Una división de HarperCollins Ibérica, S.A.
Núñez de Balboa, 56
28001 Madrid
© 1999 Susan Fox
© 2021 Harlequin Ibérica, una división de HarperCollins Ibérica, S.A.
Los caprichos del amor, n.º 1478 - abril 2021
Título original: To Tame a Bride
Publicada originalmente por Harlequin Enterprises, Ltd.

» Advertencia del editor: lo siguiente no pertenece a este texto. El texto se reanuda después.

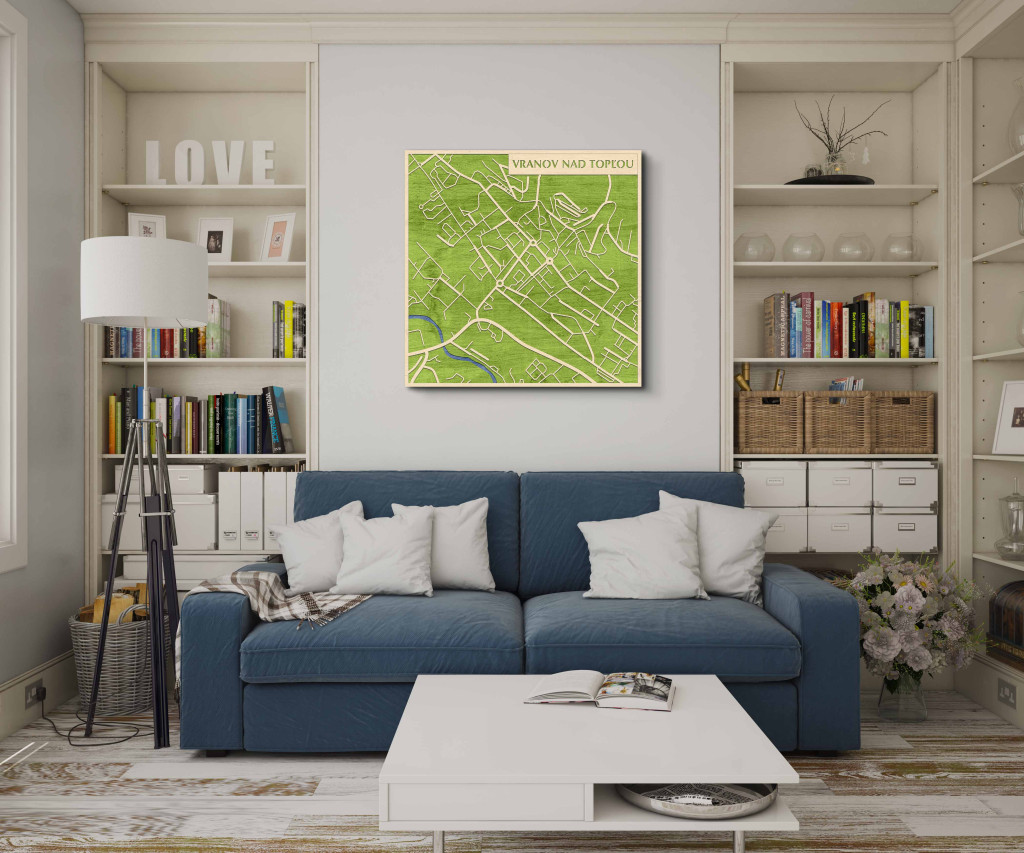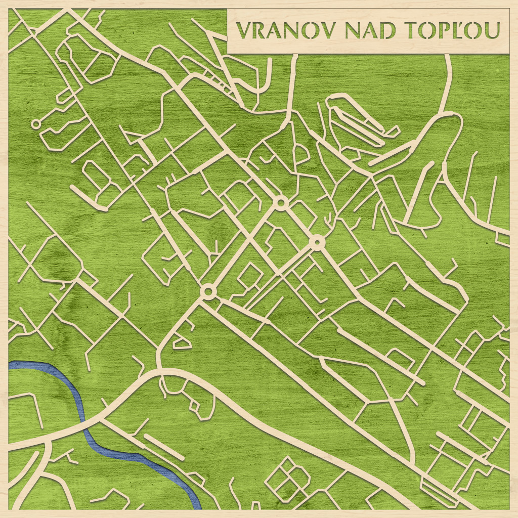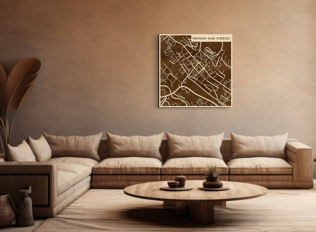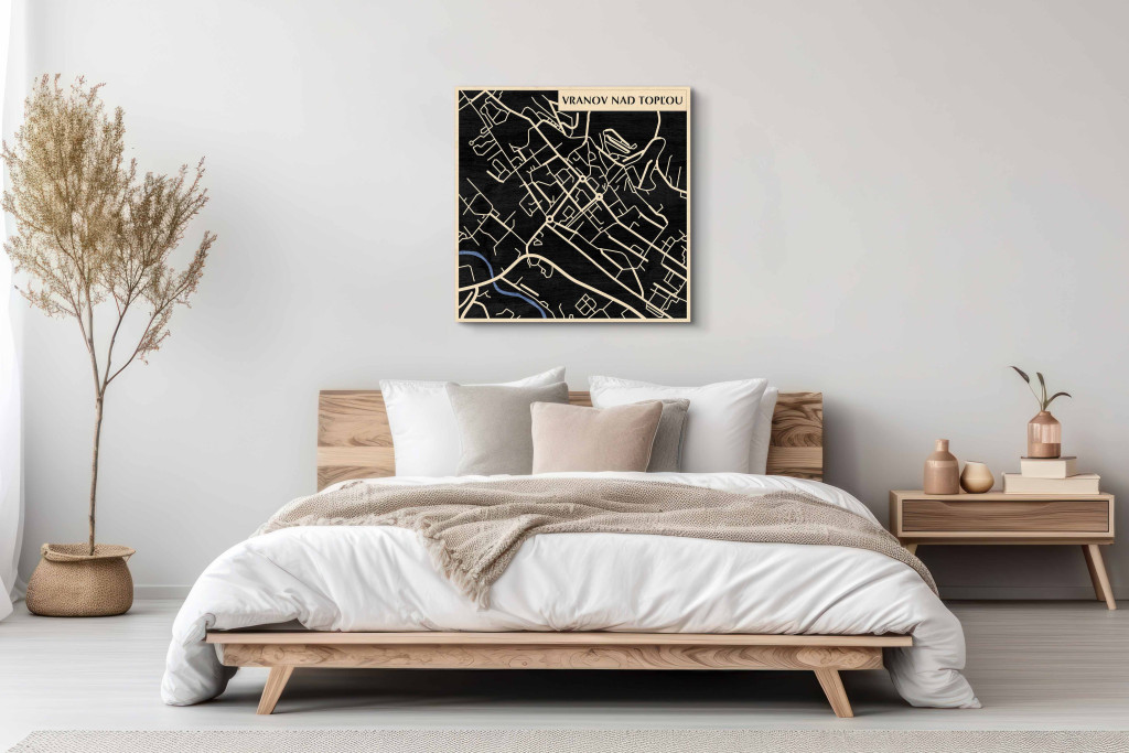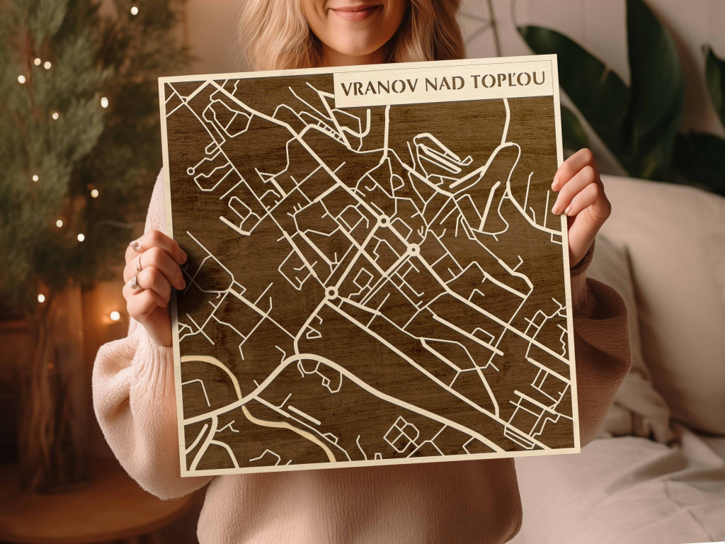 A rétegzett, lézervágott fa dekor Vranov nad Topľou városszövetét, a Topľa-völgy tengelyét és a központi csomópontokat emeli ki tiszta, fókuszált kontúrokkal. A fa természetes textúrája barátságos, kiegyensúlyozott jelenlétet ad, miközben a grafikus rajzolat rendezett, modern fókuszpontot hoz létre. Telepítése gyors és tiszta: fúrás nélkül, kétoldalas ragasztószalaggal javasolt felhelyezni sima, por- és zsírmentes, száraz falra. A termék két méretben (48 × 48 cm; 70 × 70 cm) és három színben – Zöld (természetközeli), Fekete (letisztult), Ében (elegáns) – kapható. Ajándéknak is univerzális, visszafogott és időtálló megjelenéssel.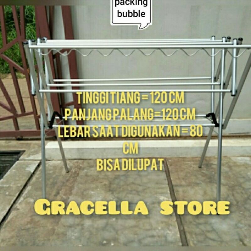 Di musim hujan sering kali kita harus memindahkan jemuran agar tidak basah dan harus mengembalikan jemuran kembali saat ada matahari. Silahkan di order barang ready. (p) 129 cm x (l) 75 cm x (t) 110 cm bahan : Tersedia pula jemuran handuk, gantungan baju (hanger), rak gosok / meja setrika, rak sepatu, dan peralatan rumah tangga lainnya. Pembayaran mudah, pengiriman cepat & bisa cicil 0%.

Todos los derechos están reservados incluidos los de reproducción, total o parcial.
Esta edición ha sido publicada con autorización de Harlequin Books S.A.
Esta es una obra de ficción. Nombres, caracteres, lugares, y situaciones son producto de la imaginación del autor o son utilizados ficticiamente, y cualquier parecido con personas, vivas o muertas, establecimientos de negocios (comerciales), hechos o situaciones son pura coincidencia.
® Harlequin, Jazmín y logotipo Harlequin son marcas registradas propiedad de Harlequin Enterprises Limited.
® y ™ son marcas registradas por Harlequin Enterprises Limited y sus filiales, utilizadas con licencia.
Las marcas que lleven ® están registradas en la Oficina Española de Patentes y Marcas y en otros países.
Imagen de cubierta utilizada con permiso de Harlequin Enterprises Limited.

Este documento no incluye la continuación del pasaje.